Since the existing research suggests that students engaging in self-regulated learning are able to efficiently manage their own learning and perform better on learning tasks, leading to their academic success (Boekaerts, Pintrich & Zeidner, 2000; McInerney et al., 2012), researchers have focused on different support mechanisms or scaffolds in order to help students engage in effective self-regulation during learning. The need for external support for students' ability to regulate their own learning seems to be particularly important in the context of online learning and learning from digital media, due to the higher demands on the students' autonomy and their competence to navigate themselves in complex multimedia learning materials (Wong et al., 2019).
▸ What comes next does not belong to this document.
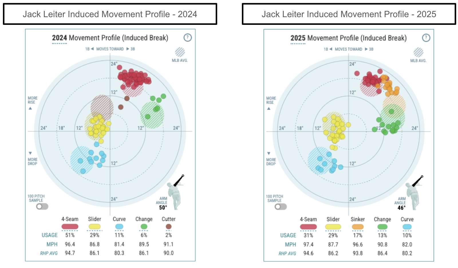 Leiter's four-seam lost a half-inch of induced vertical break (IVB) with the slight arm angle change. His four-seam still possesses above-average IVB, which theoretically should bode well with the high extension. However, Leiter's four-seam locations have been the issue. Location aside, Leiter's four-seam lost three percentage points of swinging strike rate (10.8 percent) in 2025 compared to 2024 (13.8 percent).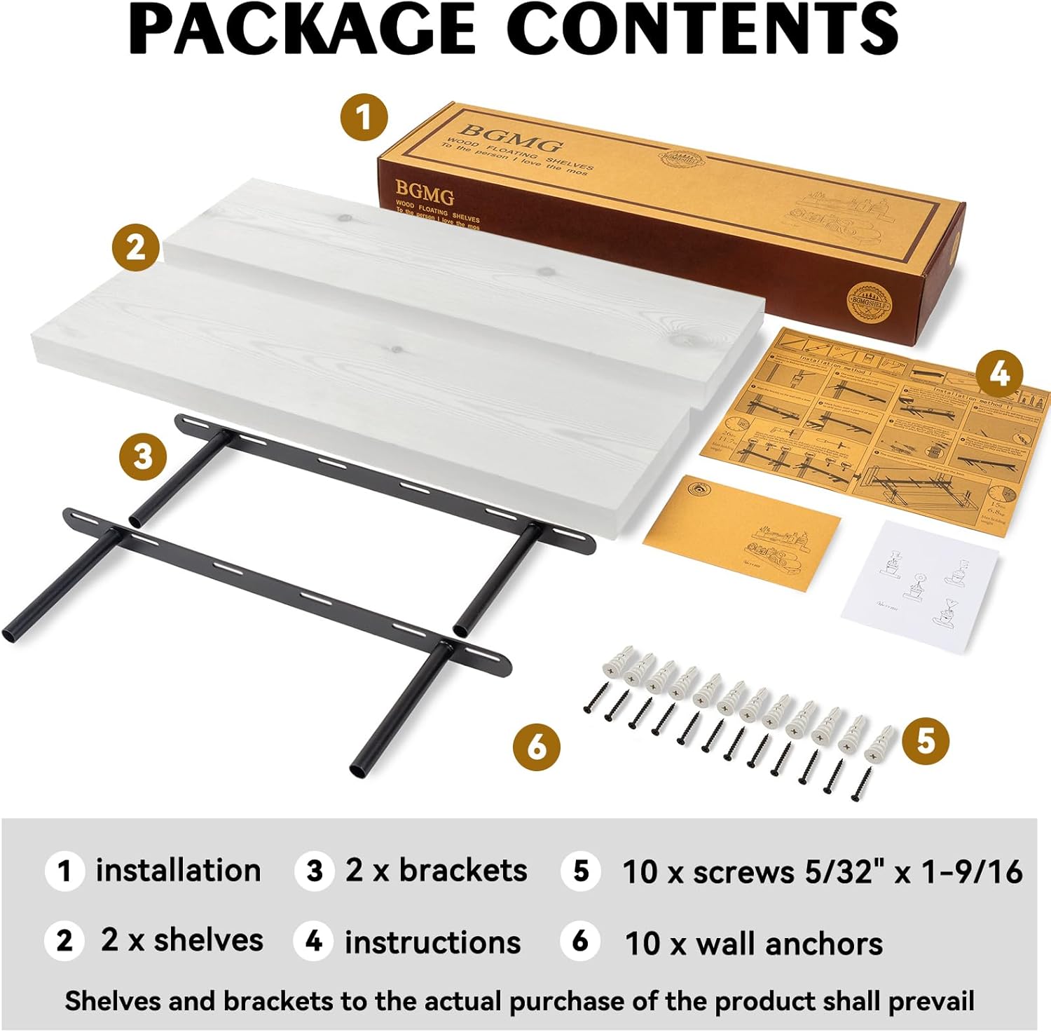 - EASY TO INSTALL: These floating shelves come with stainless steel galvanized invisible brackets, toggle bolts for drywall, and simple instructions to help you install them. These wall shelves are easy to assemble, requiring only two boards and the necessary screws and hardware. We also provide detailed instructions for quick and easy assembly

One of the proposed mechanisms to support self-regulated learning that has received increased research attention, especially in recent years, is metacognitive prompting. Prompts in general can be seen as a temporary support mechanism or scaffold for students in order to assist them in the use of an appropriate learning strategy (Bannert, 2009). Metacognitive prompts, in contrast to cognitive prompts, focus on engaging students in higher-level learning strategies such as goal setting, monitoring, reflection, etc. A considerable amount of available studies provide evidence for the effectiveness of metacognitive prompts in improving students' learning outcomes (Azevedo et al., 2011; Devolder, van Braak, & Tondeur, 2012; Guo, 2022; Manlove, Lazonder, & de Jong, 2009).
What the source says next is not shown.